*** Data to process ***
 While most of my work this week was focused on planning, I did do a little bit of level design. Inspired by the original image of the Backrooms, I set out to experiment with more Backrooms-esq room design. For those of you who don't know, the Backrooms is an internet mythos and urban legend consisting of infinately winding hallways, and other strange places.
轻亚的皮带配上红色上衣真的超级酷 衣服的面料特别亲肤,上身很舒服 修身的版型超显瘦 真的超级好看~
*** End of Data to process ***
*** Data to process ***
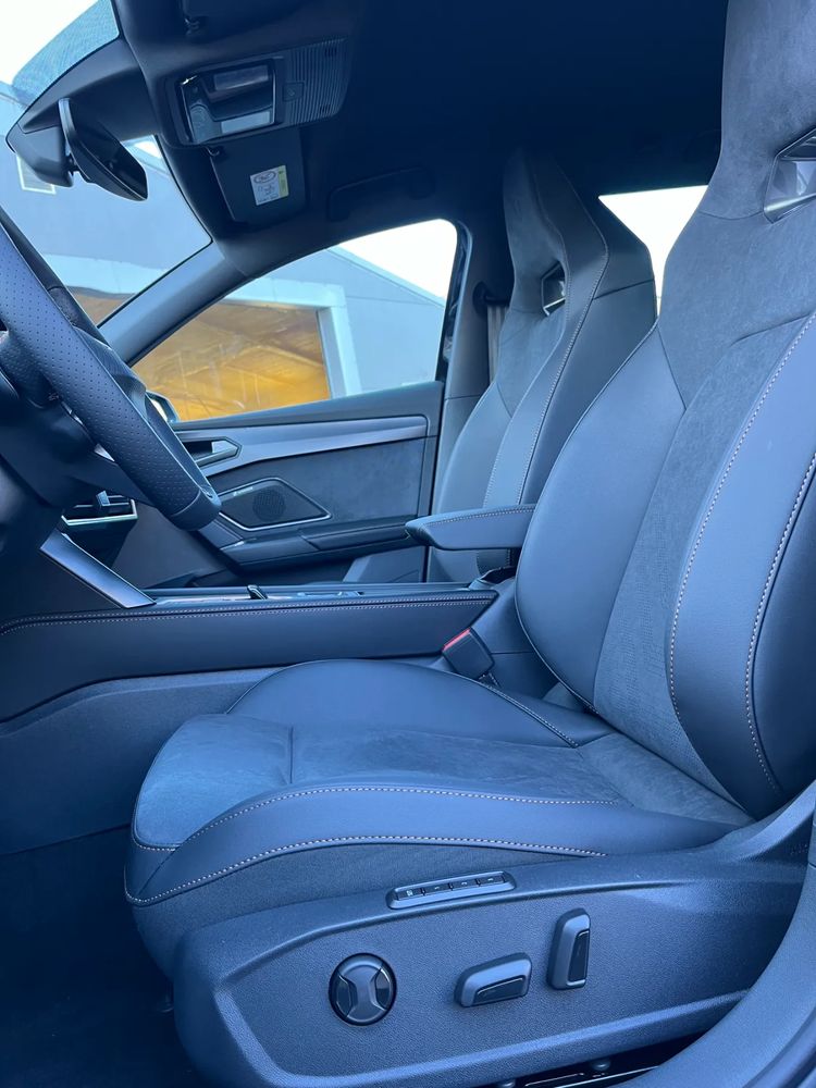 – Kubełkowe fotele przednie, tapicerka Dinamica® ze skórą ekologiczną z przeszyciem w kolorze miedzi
*** End of Data to process ***
* What you need to do
Please copy, exactly and with nothing else, the lines above beginning at the line that has "While most of" and ending with the line that has "轻亚的皮带配上红色上衣真的超级酷 衣服的面料特别亲肤,上身很舒服 修身的版型超显瘦".

* Reply to the exercise
 While most of my work this week was focused on planning, I did do a little bit of level design. Inspired by the original image of the Backrooms, I set out to experiment with more Backrooms-esq room design. For those of you who don't know, the Backrooms is an internet mythos and urban legend consisting of infinately winding hallways, and other strange places.
轻亚的皮带配上红色上衣真的超级酷 衣服的面料特别亲肤,上身很舒服 修身的版型超显瘦 真的超级好看~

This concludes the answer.